Overseas and unbeknown to it, the Obama Administration may have sealed its 2012 fate in the past five days.

I am not talking about its feckless response to the expected report from the UN nuclear monitor – the International Atomic Energy Agency — that Iran can now produce nuclear weapons.  Nor do I mean the widely spread assumption that in the absence of effective American policy in the region, Israel may feel compelled to take military action, similar to what it did to stop the programs in Syria and Saddam Hussein’s Iraq in years past. Nor am I talking about its befuddlement about Russia’s 1917-like warnings against such Israeli actions, what the London Telegraph called this morning the “drumbeat of war” (http://tinyurl.com/6ukshcf).

Nor do I mean the broad shared view that the administration’s early outreach to Tehran, silence about Iranian democracy protestors, hitting of a disconnected “reset button” with Russia, and planned precipitous withdrawal from Iraq are coming together in a pattern of catastrophic blundering, the most inept US foreign policy since Jimmy Carter.

All of these developments were bad enough for an administration facing an election in twelve months even as it struggles with tanking poll numbers.  But no, the administration was a bystander this week in the Middle East. The potentially fatal deed was not a sin of omission, but of knowing, determined and all but unnoticed action.

At the G20 meeting on the French Riviera last week, the president agreed to begin implementing a set of international banking rules that could well send the United States in a renewed downward spiral between May and August 2012.

The rules are called Basel III.  They require that banks increase their ratio of capital to loans.  In effect this means that banks must do less lending.

We have all heard the complaints, many of them coming from the White House, about all the money that financial institutions and corporations are holding onto and not investing.  You can argue about the reasons.  Government induced uncertainty is the biggest, in my view. But Basel III is something totally different, government induced certainty, the certainty that financial institutions will be required to have a certain volume of reserves at a certain date. And while the rules include a gradual phasing in of the mandates, the history here is that, to please regulators, banks get their houses in order quickly.

How big will the impact be?  Before the crisis, some institutions that now come under the rules, but didn’t then, had capital rations of 2.5:100.  For the largest institutions, the new rules require 7:100, in other words a dramatic reduction in loans outstanding.

What is more, the rules for what is capital and how loans are counted have apparently been tweaked to make life easier for European banks and harder for Americans.  The CEO of JPMorgan Chase, an institution that came out of the financial crisis with few scars, got into a public spitting match with the head of the Bank of Canada about a couple of months ago.  The Canadian has been a prominent player in the Basel process.  Noting that big banks are treated less favorably than others, a distinction that effectively discriminates against the U.S. banking sector, the JPMorgan Chase CEO termed Basel “anti-American” and called for the U.S. to pull out of the regime.

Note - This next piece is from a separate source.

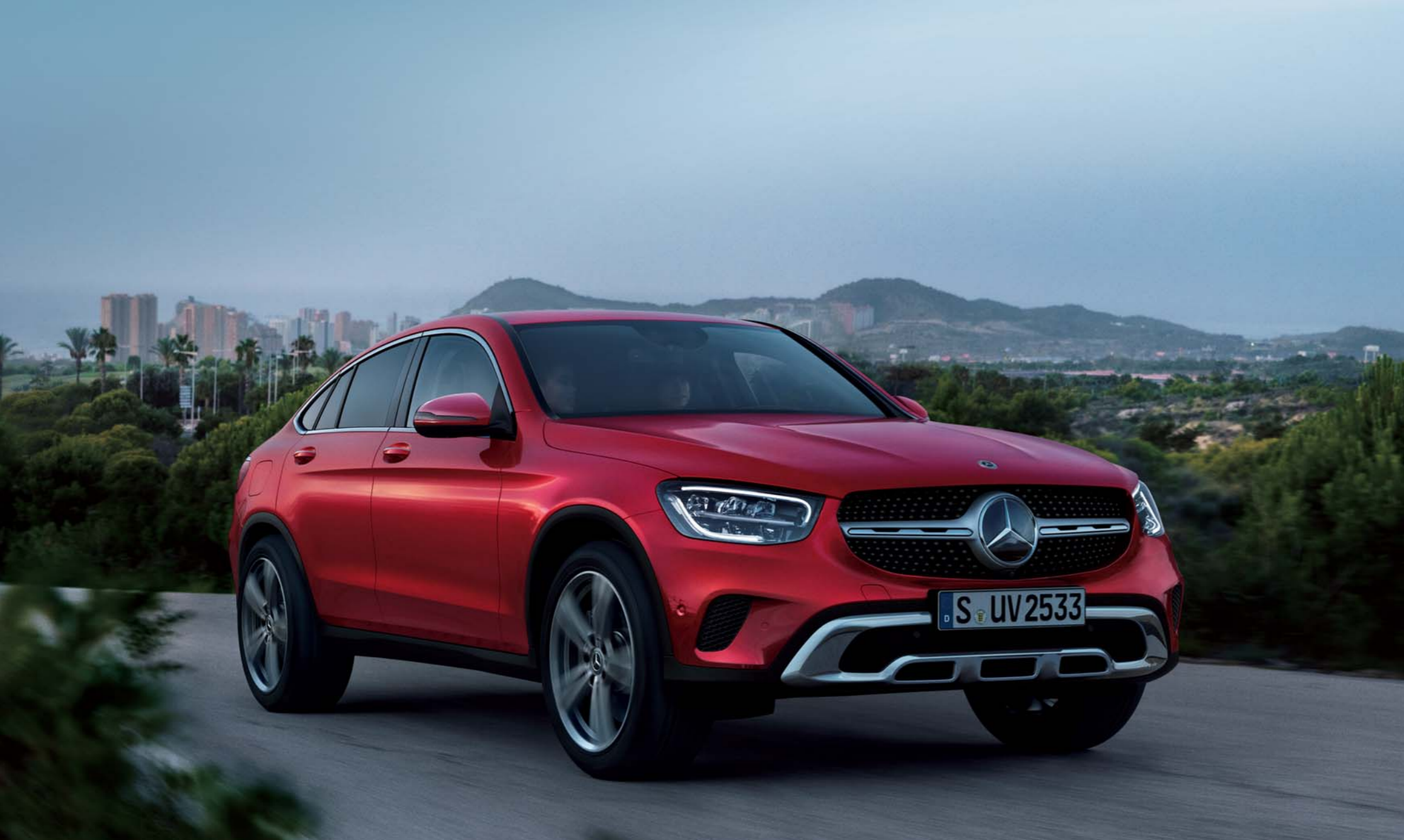
GLC 220 d 4MATIC Coupé

Milton Friedman had a rule.  Any move in monetary easing or tightening will take six to nine months to be felt in the real economy.

Let’s see.  It is November 2011.  If U.S. banks respond quickly to the new Basel rules, we should be feeling the impact between May and September next year.  With the economy as fragile as it is, sophisticated borrowers (meaning all those nasty corporations that the Occupy Wall Street crowd, who the president so warmly embraces, wants to push under) may get even more cautious with their investment funds immediately, hording cash in anticipation of leaner times, hiring even fewer people than they are now.

I know that the argument for Basel and other capital mandates is to make banks safer and “systemically” significant banks safest of all.  But are broadly framed rules really the best way to achieve safety?  Is a JP Morgan Chase, which did not have significant issues during the crisis, really equivalent to a Lehman whose failure triggered the crisis?  Is government event suited to make the distinction?

In any event, just in time to have an impact on the 2012 presidential contest, the White House may have driven another nail into the economy’s coffin.  And to think: they didn’t know what they were doing.